What are issues to consider for establishing core evaluation outcomes such as core process and community outcomes, and perhaps individual outcomes—to be collected across all communities?
What are measurement issues to consider in demonstrating the impact of an infrastructure that augments prevention capacity at the State level and funds communities with prevention experience, on community level changes (e.g., change in community climate/environment that are linked to MEB outcomes?

Points of Consensus

The theory of action precedes measurement.
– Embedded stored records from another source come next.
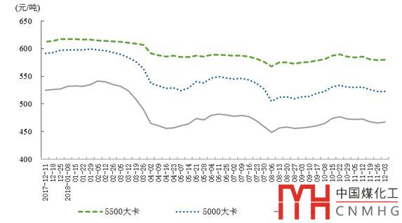 12月初,秦皇島港5500大卡煤炭綜合交易價格為每噸580元,比11月初下跌4元;5000大卡煤炭為每噸523元,下跌7元;4500大卡煤炭為每噸467元,下跌5元。
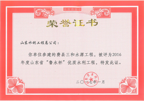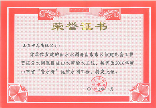 公司“招遠(yuǎn)市勾山水庫(kù)除險(xiǎn)加固工程”等八項(xiàng)工程被評(píng)為2016年度山東省“魯水杯”優(yōu)質(zhì)水利工程
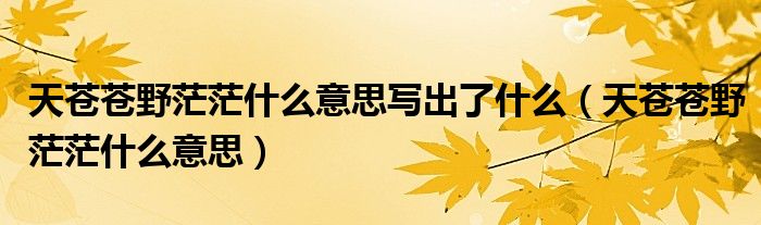 大家好,小晋来为大家解答以下问题,关于天苍苍野茫茫什么意思写出了什么,天苍苍野茫茫什么意思很多人还不知道,今天让我们一起来看看吧!
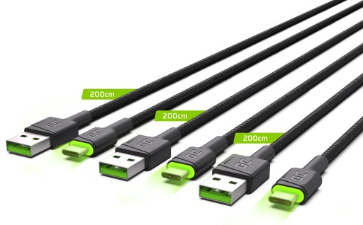 Zestaw 3x Kabel Green Cell GC Ray USB-C 200cm z zielonym podświetleniem LED, szybkie ładowanie Ultra Charge, QC 3.0
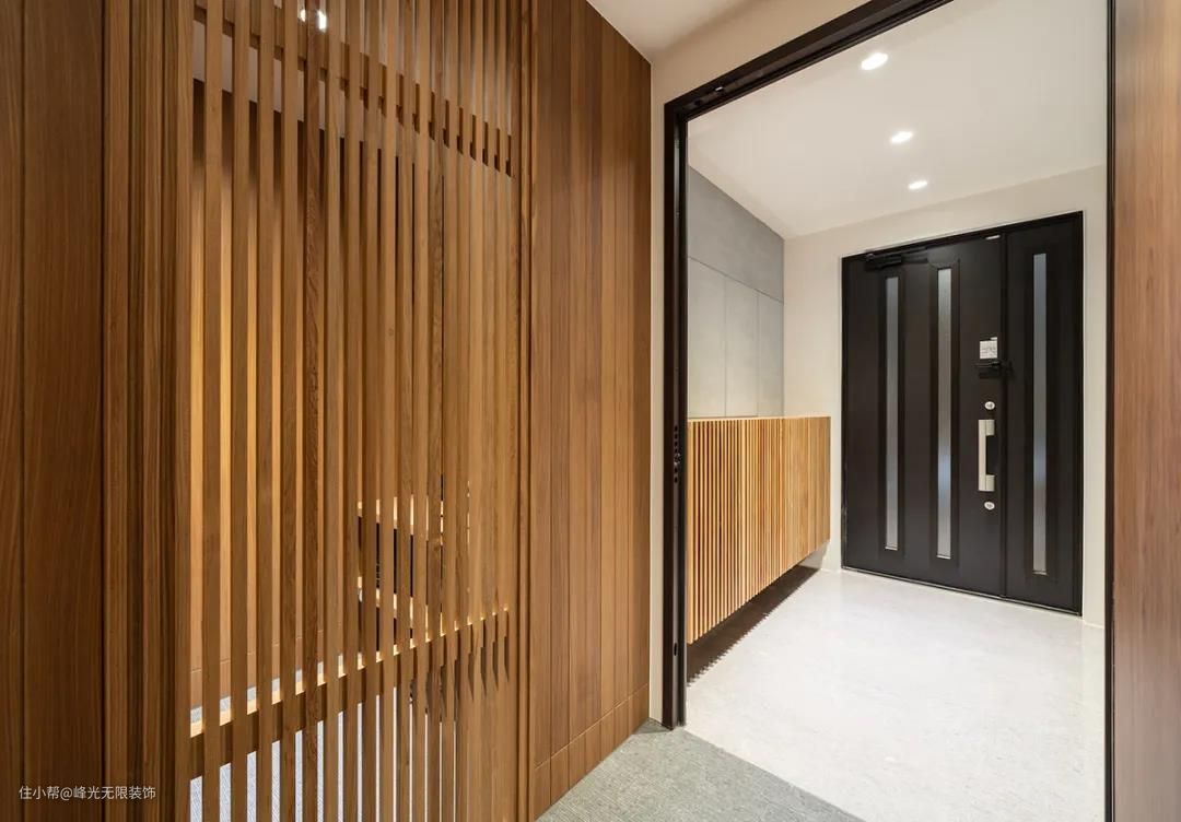 进门玄关空间顺延木格栅鞋柜,木格栅增加独立储藏空间,放置行李箱,并配置吊杆收纳常穿的衣服。

That is, there should be measures to address all aspect of the theory of action/logic model
- If theory and measurement are good, data can be re-analyzed to address additional questions over time
Complex research involving MMPTs requires attention to the level of measurement to ensure that the measures are appropriate for the planned analytic strategy
There is a critical need for national data platforms that collect, consolidate, store, analyze and disseminate data on children and youth
Data stored in a national platform should be available to States and local areas for use in needs assessments, evaluations and other legitimate purposes
Mechanism for timely data feedback to local areas should be institutionalized in order to provide CQI.
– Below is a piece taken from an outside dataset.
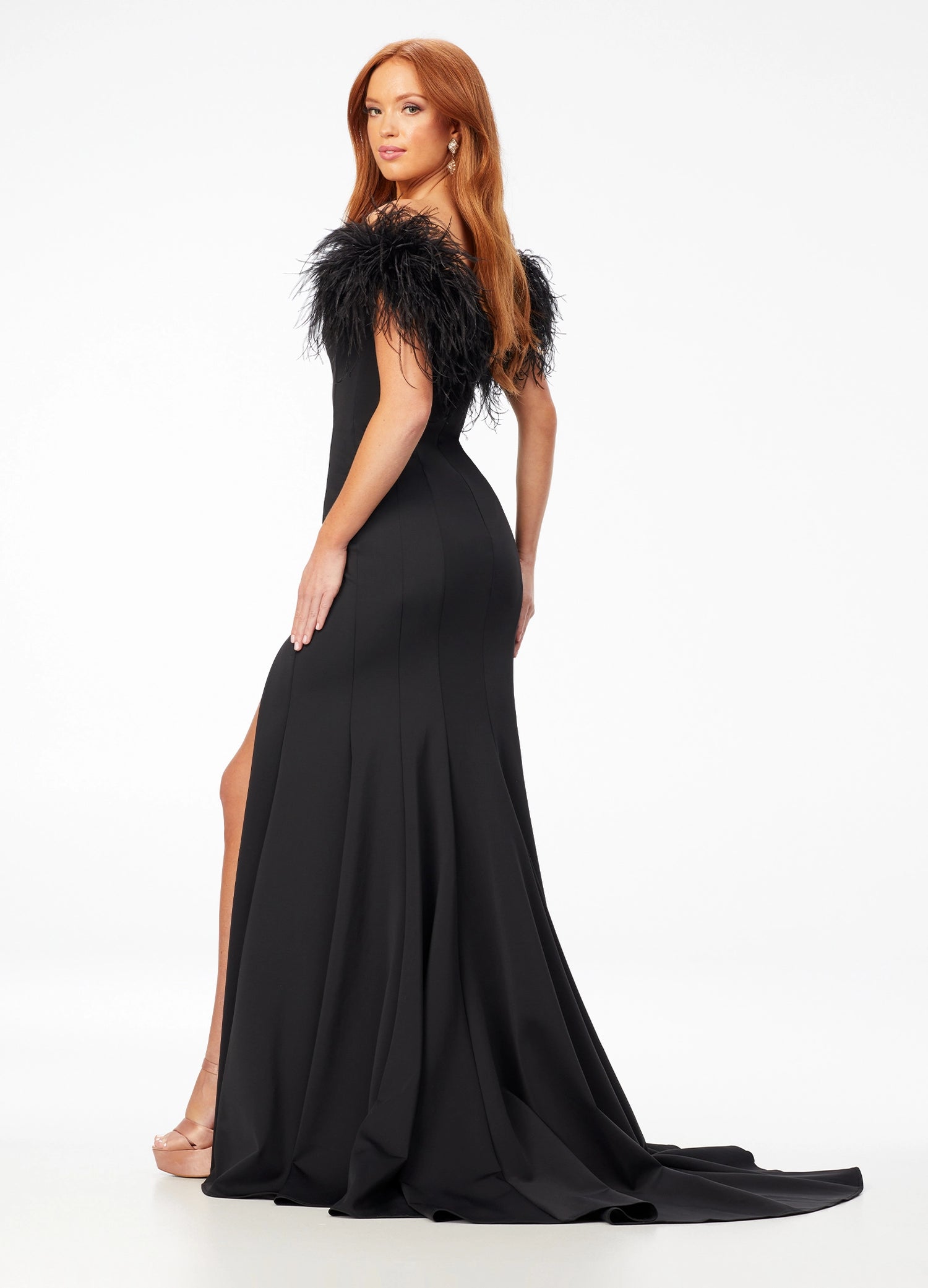 Be the star in this scuba off shoulder gown. We are living for the sweetheart neckline and feather details!
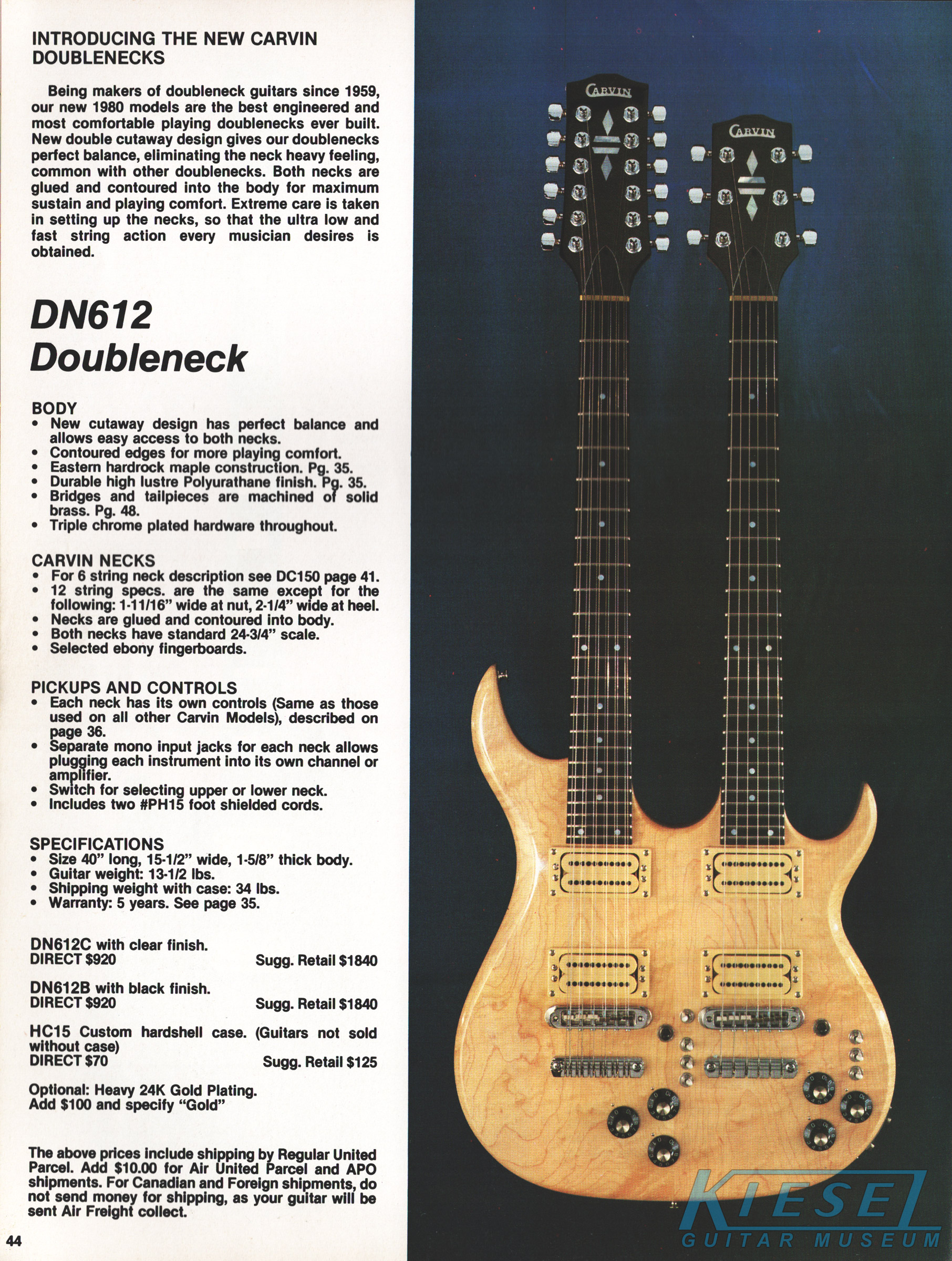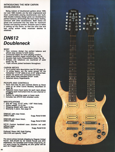 1980 saw the return of doublenecks to Carvin's lineup, both of which were entirely different from their 70's counterparts, sporting sleek looks, set necks, and a standard scale 20-fret fingerboard on the bass side. These were the first bespoke Carvin doublenecks; they were not clones of another manufacturer's instrument, and they didn't look like earlier Carvin doublenecks that appeared to be cobbled together from spare parts. Interestingly, the DN series featured the body style that would be the template for the hugely popular DC200 series of guitars that would be introduced in 1981, and the redesigned LB60 bass that would appear in 1986. The DN612 was available in black or natural finishes, both with ebony fingerboards, MOP dot inlays, chrome hardware and mono wiring, with an input for each neck. In another first for Carvin, cream bezels were shown installed on the M22 pickups. Cream bezels had been mentioned as available when M22s were ordered as parts, but they had never been shown on a factory-built instrument. Price on the DN612 was $920.00 (either finish), and optional gold hardware was an additional $100.00. The HC16 case was an additional $70.00.

MMPT evaluations are enhanced when measures are the same across sites
Measures should be repeated and consistent over time

image showing Independent Variable effect on Mediator and Dependent Variable and also effect of Mediator Variable on Dependent Variable

Key Measurement Issues for MMPTs
- The definition of local area/community should be specified by the MMPT. Characteristics worth considering include:
  - Community demographics (e.g., populations size, land area, community resources)
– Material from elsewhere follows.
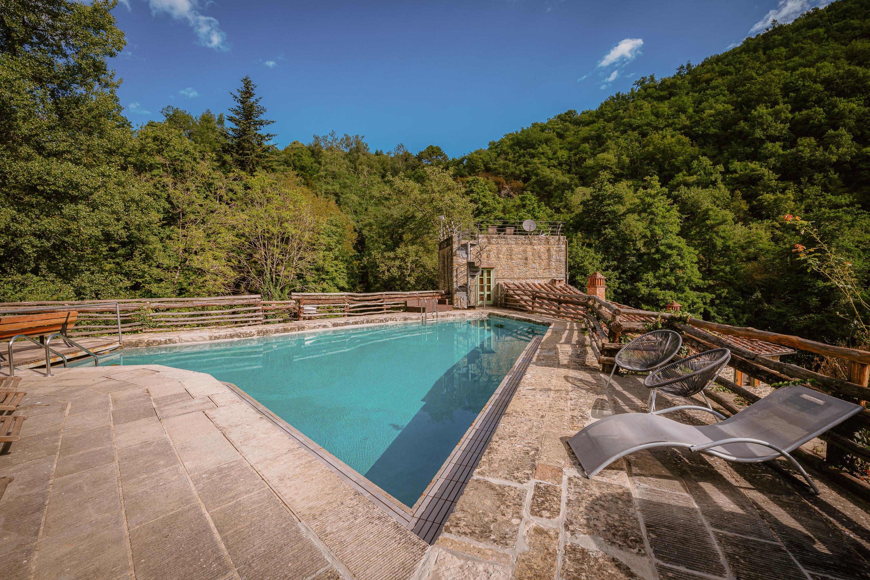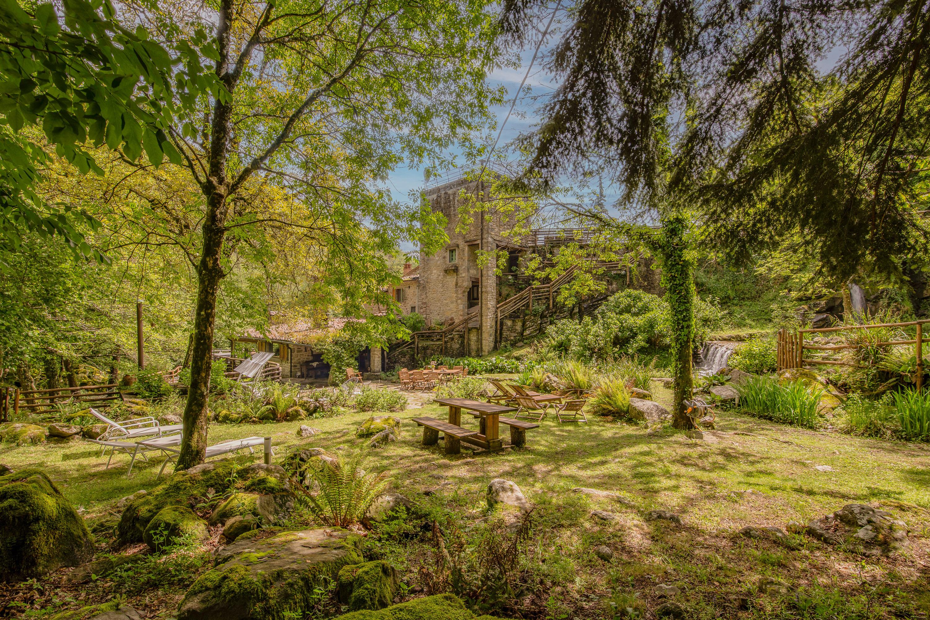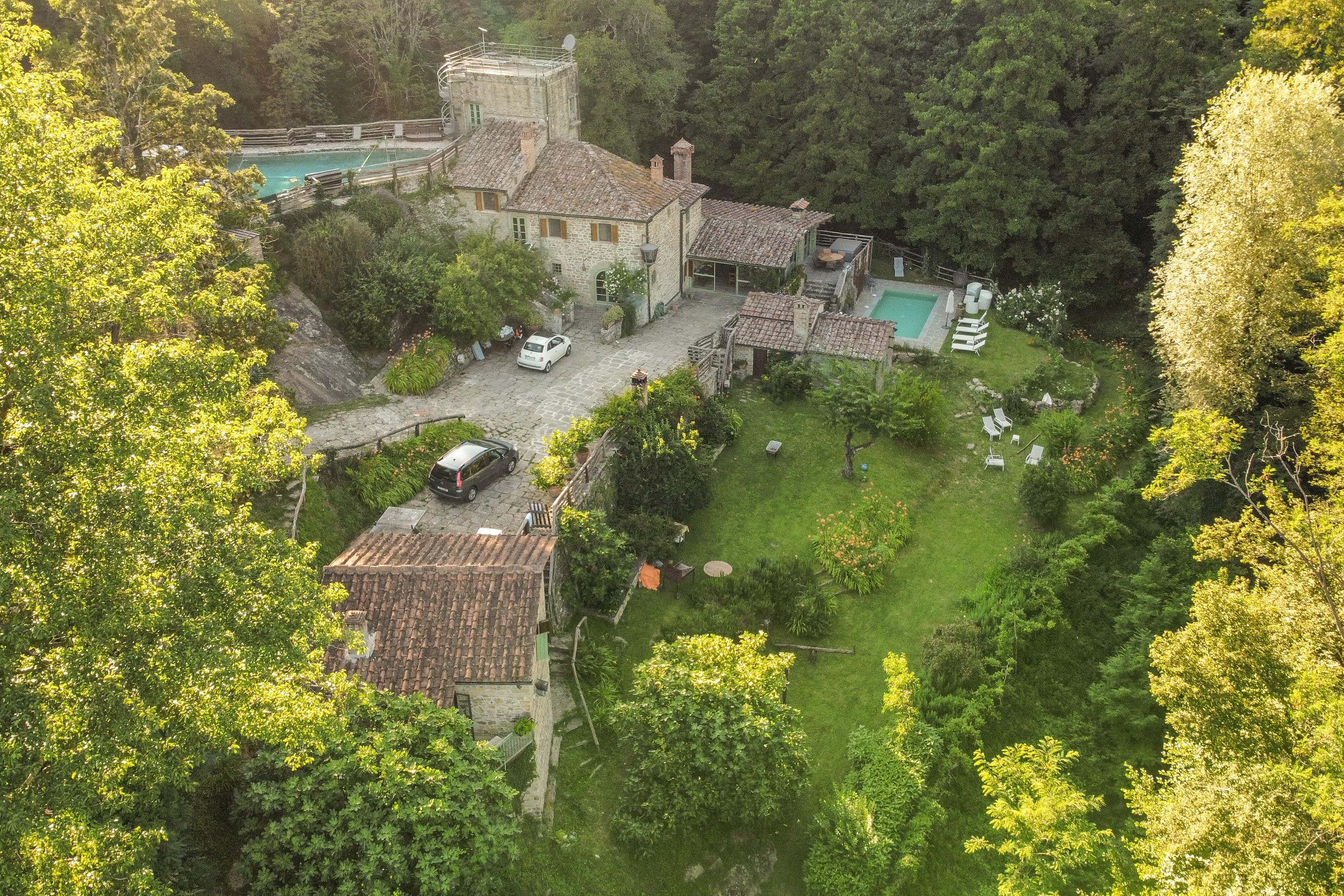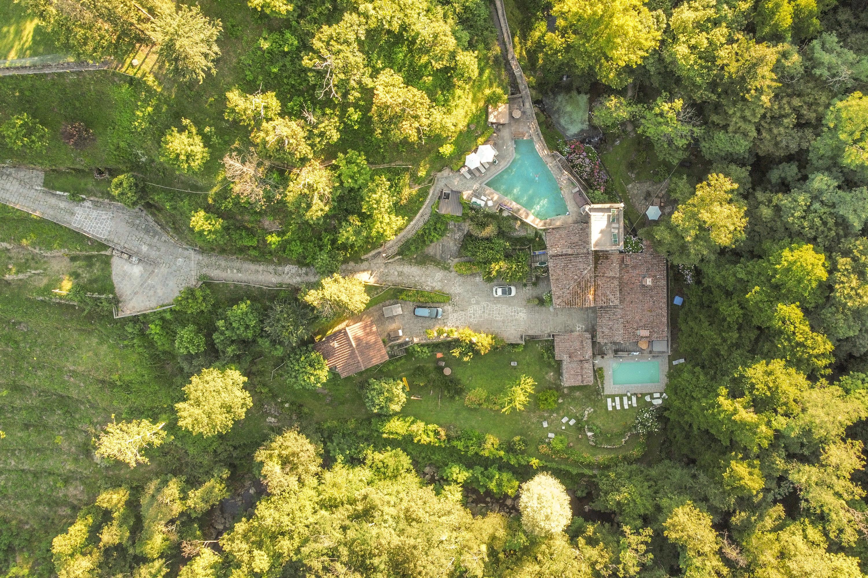 Das märchenhafte Anwesen erstreckt sich über ein 80.000 qm großes Grundstück, von dem 4 Hektar mit einem 2 Meter hohen Zaun ausbruchsicher geschlossen sind. Der große Pool auf dem Sonnendeck lässt die Herzen von Sonnenanbetern höher schlagen. Die kleinen Bächlein, die das Grundstück durchziehen, haben Trinkwasserqualität und sind bekannt für ihre Sauberkeit. Ein weiterer Swimmingpool mit Sonnenliegen befindet sich im vorderen Bereich des Hauses. Zahlreiche Hängematten wurden zwischen den Bäumen am Ufer angebracht, sodass jeder seinen persönlichen Ruheplatz finden kann. In den heißen Sommermonaten sorgt der hohe und dichte Baumbestand für ein angenehm kühles Klima. Der Bach fließt etwa 1000 Meter durch das gesamte Grundstück und bildet dabei zwei große natürliche Badebecken mit eigenen Wasserfällen, ideal zum Bauen von Staudämmen und zum sicheren Toben für Kleinkinder. Oberhalb des Hauses befindet sich ein großer Platz, der als Tennisplatz oder Volleyballfeld genutzt werden kann. Das Grundstück verfügt über sechs Parkplätze. Dank der etwa 100 cm dicken Wände benötigt die Casa nel Bosco keine Klimaanlage und bietet zu jeder Jahreszeit ein angenehmes Wohnklima.

  - Demographics of the population (e.g., age, ethnic/cultural diversity, poverty level)
  - Community context (e.g., rural, suburban-rural (commuter), suburban-metro, small city, large urban (neighborhoods)
  - Density and homogeneity/heterogeneity of the population
- Community prevention context:
  - Communities often have a variety of unrelated prevention interventions being offered that target the same or overlapping outcome; the evaluation should assess the contribution of all interventions to the target outcomes
  - The processes underlying a community’s ability to establish and maintain a prevention collaboration must be measured
  - The reach of the MMPT components into the community must be documented in order to accurately assess outcomes
  - The resources and prevention structure of a community can impact quality of implementation of an MMPT, thus they must be measured
  - Data collection can be a burden to communities
    - Data that is fed back to communities quickly can be used for Continuous Quality Improvement (CQI)
    - (e.g., Pennsylvania is establishing a meta-system for communities)
  - Centralized State-level collection of community data can be augmented through the use of interactive web-based tools
- Adequate measurement of local area/community characteristics can lead to the definition of meaningful ‘communities types’
Levels of measurement:
- Individual level (e.g., emotional, cognitive, social functioning, health, culture, academic achievement)
- Family level (e.g., income level, family structure, marital status, parent monitoring skills)
- School level (e.g., truancy rates, rules enforcement, social norms around drug abuse, bullying)
- Community level (e.g., recreational resources, public services, community cohesion, built environment, policy enforcement of underage drinking and tobacco use policies)
- State level (e.g., resources for training, technical assistance, and evaluation; interagency agreements and working relationships; state education data; juvenile justice, and child welfare data; violent crime statistics)
- Federal Level (e.g., national trend data (e.g., drug abuse by age or risk behavior by gender by age); zip codes; required agency reporting measures and data ( e.g., Substance Abuse and Mental Health Services Administration National Outcome Measures (SAMHSA NOMs) or implementation fidelity measures)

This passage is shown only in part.